Work instruction => Exclude the pictures; give every entry again exactly as written.

Source data:
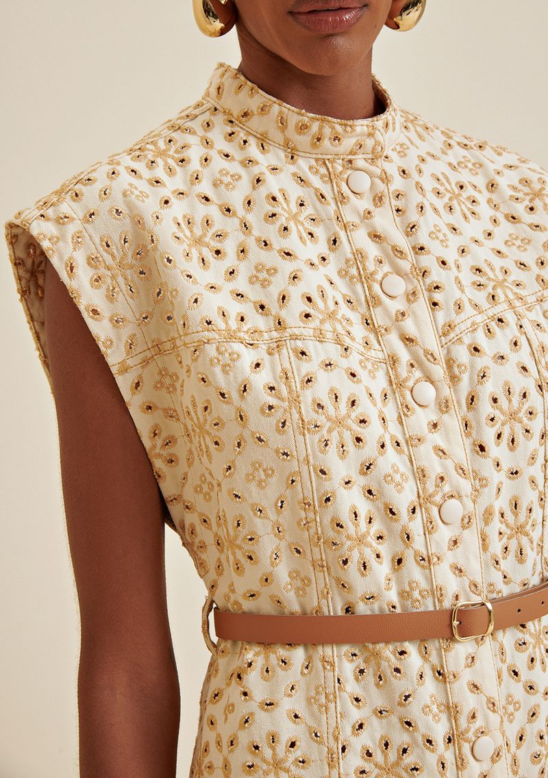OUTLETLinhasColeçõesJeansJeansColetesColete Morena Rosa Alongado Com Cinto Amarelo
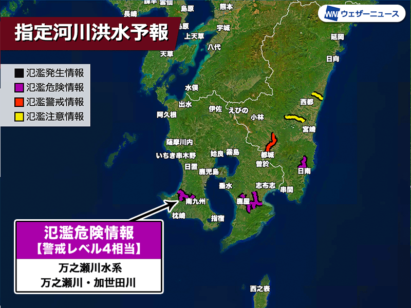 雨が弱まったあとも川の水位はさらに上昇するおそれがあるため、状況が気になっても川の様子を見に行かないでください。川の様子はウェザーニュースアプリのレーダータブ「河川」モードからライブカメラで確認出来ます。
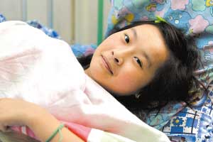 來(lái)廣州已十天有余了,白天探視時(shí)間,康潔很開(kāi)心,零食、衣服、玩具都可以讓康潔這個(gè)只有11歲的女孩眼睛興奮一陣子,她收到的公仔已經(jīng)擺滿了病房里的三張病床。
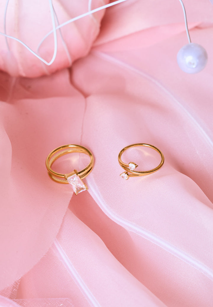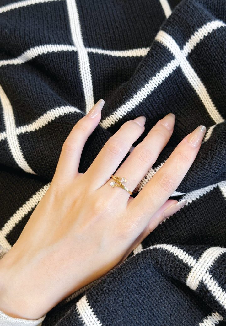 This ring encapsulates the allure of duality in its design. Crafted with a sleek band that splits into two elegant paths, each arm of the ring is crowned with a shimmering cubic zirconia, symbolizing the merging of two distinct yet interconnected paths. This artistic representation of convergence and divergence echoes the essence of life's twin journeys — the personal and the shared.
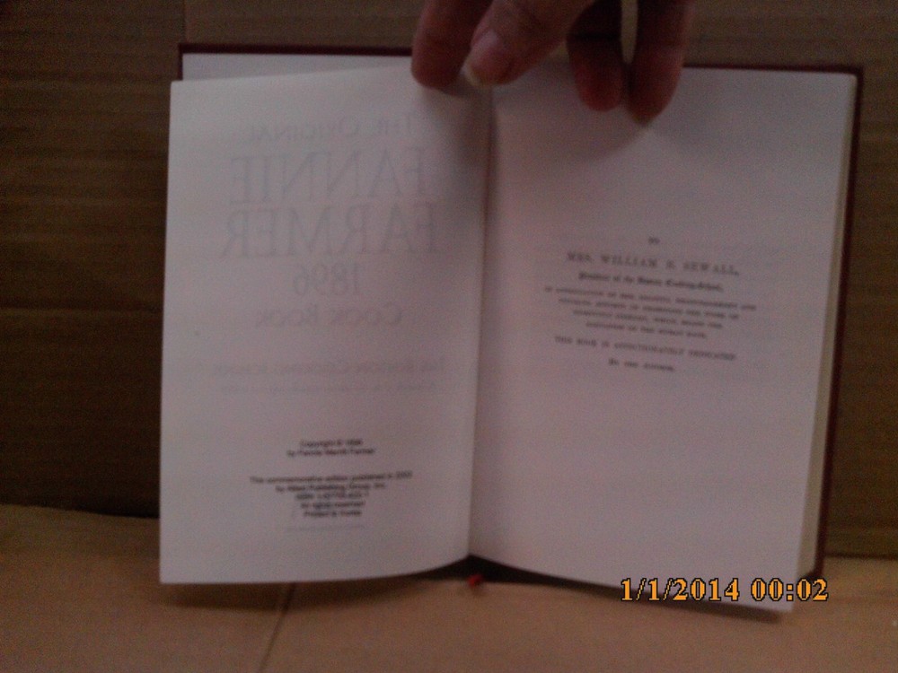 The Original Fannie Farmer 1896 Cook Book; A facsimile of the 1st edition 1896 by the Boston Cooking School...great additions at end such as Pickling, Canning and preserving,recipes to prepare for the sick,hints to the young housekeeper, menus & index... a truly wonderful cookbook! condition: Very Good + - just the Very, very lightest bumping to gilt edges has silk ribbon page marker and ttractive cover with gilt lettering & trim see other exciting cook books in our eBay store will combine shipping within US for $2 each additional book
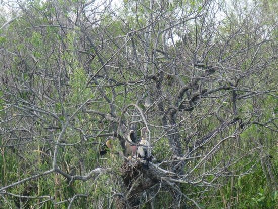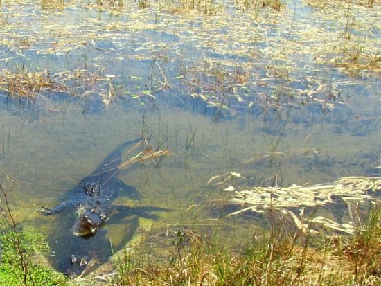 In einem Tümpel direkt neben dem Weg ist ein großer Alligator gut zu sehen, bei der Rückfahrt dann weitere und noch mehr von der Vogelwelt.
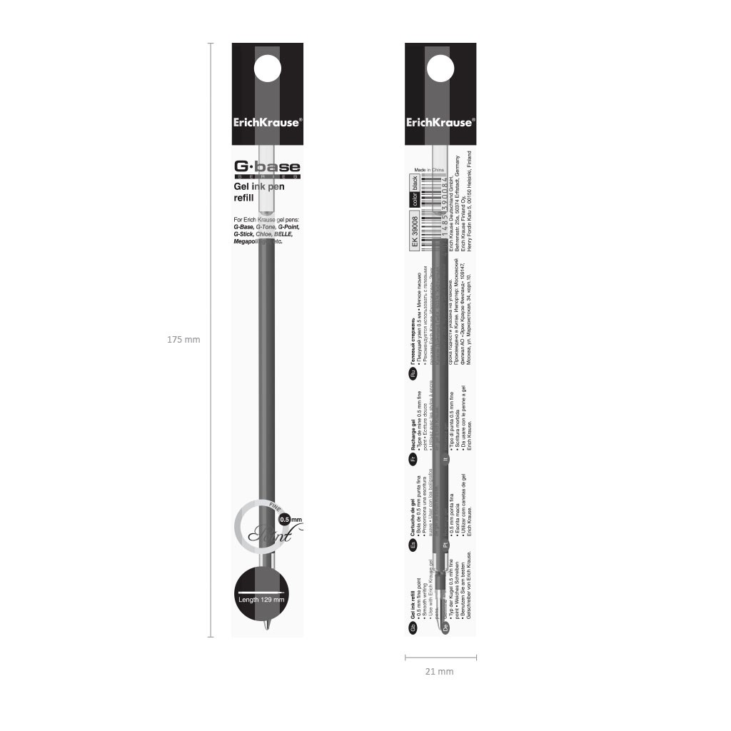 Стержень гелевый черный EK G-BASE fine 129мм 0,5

Answer section =>
OUTLETLinhasColeçõesJeansJeansColetesColete Morena Rosa Alongado Com Cinto Amarelo
 雨が弱まったあとも川の水位はさらに上昇するおそれがあるため、状況が気になっても川の様子を見に行かないでください。川の様子はウェザーニュースアプリのレーダータブ「河川」モードからライブカメラで確認出来ます。
 來(lái)廣州已十天有余了,白天探視時(shí)間,康潔很開(kāi)心,零食、衣服、玩具都可以讓康潔這個(gè)只有11歲的女孩眼睛興奮一陣子,她收到的公仔已經(jīng)擺滿了病房里的三張病床。
 This ring encapsulates the allure of duality in its design. Crafted with a sleek band that splits into two elegant paths, each arm of the ring is crowned with a shimmering cubic zirconia, symbolizing the merging of two distinct yet interconnected paths. This artistic representation of convergence and divergence echoes the essence of life's twin journeys — the personal and the shared.
 The Original Fannie Farmer 1896 Cook Book; A facsimile of the 1st edition 1896 by the Boston Cooking School...great additions at end such as Pickling, Canning and preserving,recipes to prepare for the sick,hints to the young housekeeper, menus & index... a truly wonderful cookbook! condition: Very Good + - just the Very, very lightest bumping to gilt edges has silk ribbon page marker and ttractive cover with gilt lettering & trim see other exciting cook books in our eBay store will combine shipping within US for $2 each additional book
 In einem Tümpel direkt neben dem Weg ist ein großer Alligator gut zu sehen, bei der Rückfahrt dann weitere und noch mehr von der Vogelwelt.
 Стержень гелевый черный EK G-BASE fine 129мм 0,5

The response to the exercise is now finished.